While I am in favor of measures that make our roads safer for everyone, this bill contradicts much of the current statute and places the liability and responsibility on the operator of a motor vehicle when encountering one of these vulnerable road users. In addition, an operator of a motor vehicle is already subject to penalties when he or she is at fault for causing a collision or operating recklessly, whether it is against a “vulnerable user” or not.
IN TESTIMONY WHEREOF, I have signed my name officially and caused the Seal of the State to be affixed hereto at Austin, this the 19th day of June, 2009.
Governor of Texas
COBY SHORTER, III
Deputy Secretary of State
For a detailed view of this bill, visit http://www.legis.state.tx.us/BillLookup/History.aspx?LegSess=81R&Bill=SB488.
Much of this language is akin to what many of us were trying to convey to the lawmakers in the House and Senate all along. It is somewhat gratifying to find one government official willing to consider reason. Almost immediately less competent cyclists began criticizing the Governor and others of us who have been heralding a call to reason from the beginning. One woman, in fact, has submitted a FOIA request for all correspondence Perry considered before arriving at his decision. It has been posited that the Austin Police Department is behind the decision. I have a feeling she and others will be surprised at the results.
This legislation was ridiculous from the beginning. In states like Florida and Oklahoma, where laws like this are already on the books, there have been absolutely no prosecutions. Colorado lawmakers passed a version earlier this year and the backlash was almost immediate.

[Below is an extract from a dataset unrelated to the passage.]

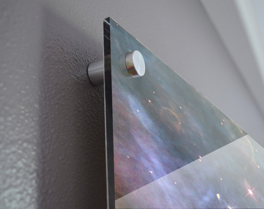 Printed to the edge - Ready to hang - provided with 4 premium polished aluminum stand off ( wall screws and mounting hardware provided )

As mentioned above, a competent, experienced vehicular cyclist creates their own rolling buffer zone as they travel down the roadway. Validity of this concept does not originate with me. It has been proven through application by many cyclists. Cycle*Dallas and CommuteOrlando have excellent commentary with robust threads discussing this topic. Groups who consider themselves advocates for transportation cyclisting betetr serve their constituents by directing their efforts, not at specious legislative measures, but toward education programs aimed at inexperienced bicycle commuters and utility cyclists. Most or the problem centers around the irrational fear that motorists are a danger to bicycle operators. In actuality, ignorant cyclists are their own worst enemy.